- Born: October 19, 1871 New York City, New York
- Died: September 15, 1966 (aged 94) New York City, New York
- Education: Art Students League of New York, Shinnecock Hills Summer School of Art, Académie Colarossi
- Known for: Painting

= Matilda Auchincloss Brownell =

American Impressionist painter and portraitist

Matilda Auchincloss Brownell (October 19, 1871 – September 15, 1966) was an American Impressionist painter and portraitist.

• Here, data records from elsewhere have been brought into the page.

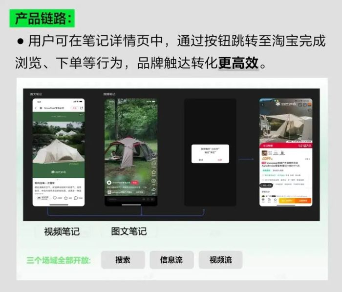 这一合作呼应了一些用户的产品使用方式——在小红书种草、到其他电商平台搜索并交易,特别是在小红书发力电商业务之前。不同的是,那时需要用户手动在不同App之间进行切换,属于自发行为;这一次,小红书笔记下方新增“广告挂链”功能、实现直接跳转,通过官方的产品升级“过了明路”。
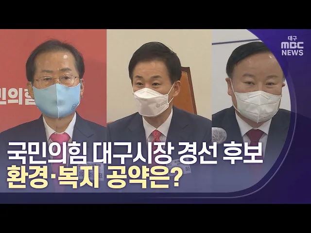 ◀앵커▶대구시장 선거에 나선 국민의힘 경선 후보들의 대구 각 분야 공약을 살펴보는 시간입니다.4월 22일은 마지막으로 환경과 복지 부문에서 후보자들이 어떤 정책을 펼치기로 공약했는지 살펴보겠습니다.보도에 권윤수 기자입니다.◀기자▶환경 분야 공약은 세 후보 모두 낙동강 취수원 다변화 문제를 언급했습니다.김재원 ...
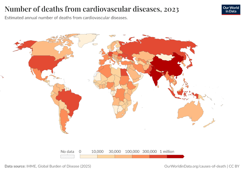 “Data Page: Number of deaths from cardiovascular diseases”, part of the following publication: Esteban Ortiz-Ospina and Max Roser (2016) - “Global Health”. Data adapted from IHME, Global Burden of Disease. Retrieved from https://data-childlabor-ilounicef.owid.pages.dev:8789/20260323-160356/grapher/deaths-from-cardiovascular-disease.html [online resource] (archived on March 23, 2026).How to cite this data
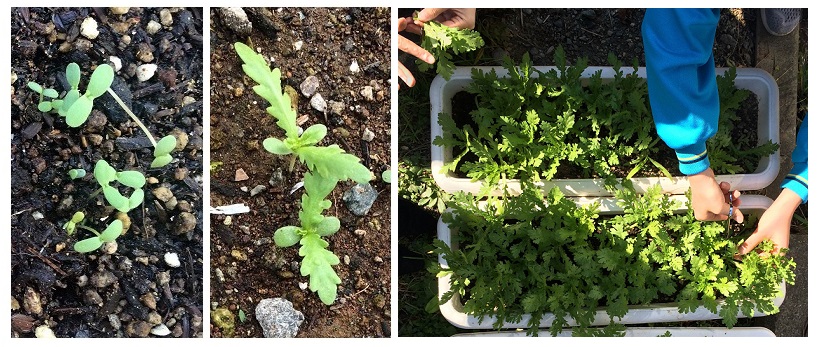 肌寒くなってからようやく発芽した春菊。本葉は小さいながらも縁がギザギザしていて、一人前に春菊であることを主張していました。害虫被害を特に受けることもなく、一度切り取って収穫しても脇芽を伸ばしてまた収穫できる、初心者でも安心して楽しめる野菜でした。
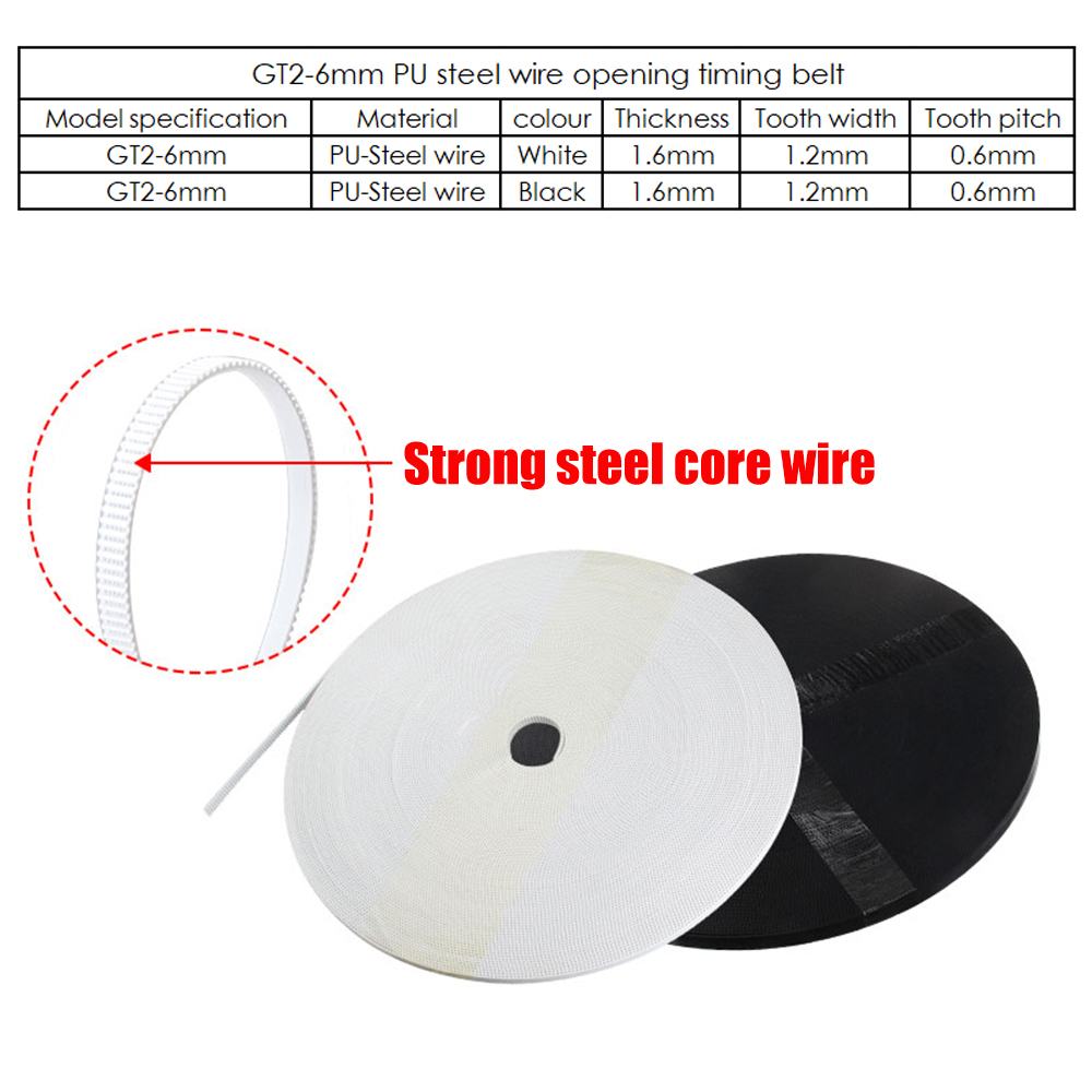 1m Correia Branca GT2 6mm largura Reforçada com Aço ( GT2 timing belt PU steel wire ) – AIMSOAR
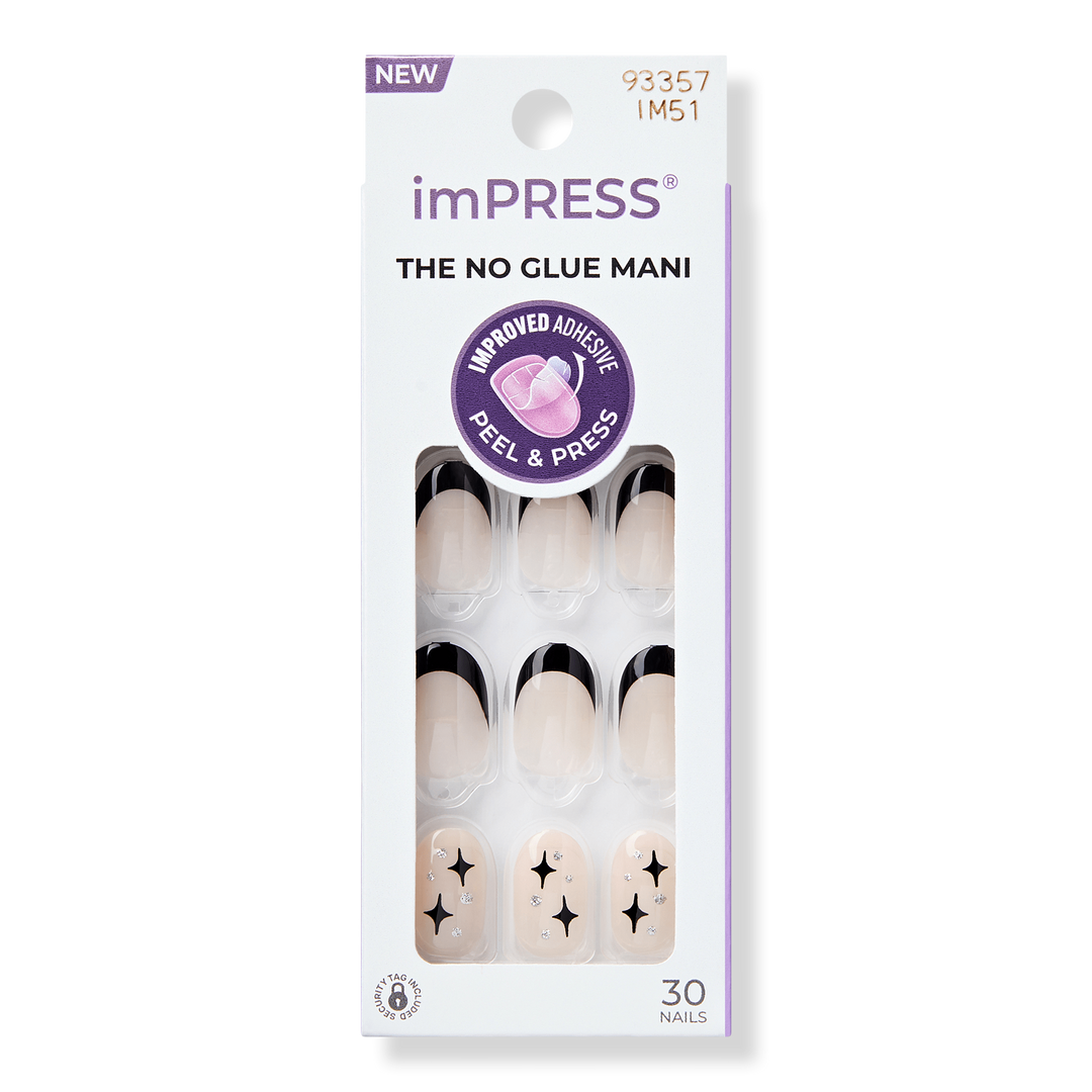 Kiss imPRESS Design Short Press-On Manicure Nails, the EASIEST Mani Ever! Now with new & improved adhesive for a secure hold up to 10 days. From chic solids to matte & glossy finishes, plus a variety of designs, shapes, & sizes, imPRESS NO GLUE Mani offers effortless style for every occasion.

==Early life and education==
Born into an upper class, well-connected family in New York City, Matilda Auchincloss Brownell was the daughter of New York City Bar Association Secretary Silas B. Brownell (1830-1918) and Sarah Stoddard Sheffield (1845-1922). Her paternal lineage traces back to Colonial settlers who came to New England in 1638. In 1894 Brownell attended the Shinnecock Hills Summer School of Art, where she was a student of William Merritt Chase. During this same time period she also studied at the Art Students League of New York with Chase and formed a lasting friendship with Mary Cassatt, as evidenced in several letters written in the 1890s. Brownell then traveled to Paris to continue her studies at the Académie Colarossi and was a student of Frederick William MacMonnies. During her time abroad, Matilda visited many countries, including Italy and England, in the tradition of the Grand Tour. In Paris, Brownell met a fellow student and gifted sculptor named Janet Scudder. The two would become close friends, with Brownell's father Silas eventually helping to secure the struggling Scudder her first major commission to design the seal for the New York City Bar Association. In 1898 Brownell and Scudder returned to Paris together, living in an 18th-century house on Boulevard Raspail and once again attending Académie Colarossi, where the pair would draw from life in the evenings.

==Exhibitions and Museum Collections==
After her return to America, Miss Brownell (who never married) would go on to exhibit at the National Academy of Design in New York, The Panama–Pacific International Exposition of 1915, the Corcoran Gallery of Art in Washington D.C., The Society of Independent Artists, the Art Institute of Chicago, and the Pennsylvania Academy of the Fine Arts, among other New York City galleries and a London exhibition in 1921, where critics praised her "clever still-life paintings." At the Panama-Pacific International Exposition, the celebrated American painter Mary Foote exhibited a "quiet, restful portrait of Miss Matilda Brownell." Barnard College purchased Brownell's portrait of Dean Gildersleeve in 1920 after the painting was exhibited at Knoedler Galleries in New York City. The Brooklyn Museum acquired a still life by Brownell in 1930, and the Metropolitan Museum of Art acquired her "Spring, Luxembourg Garden" (1902) in 1966.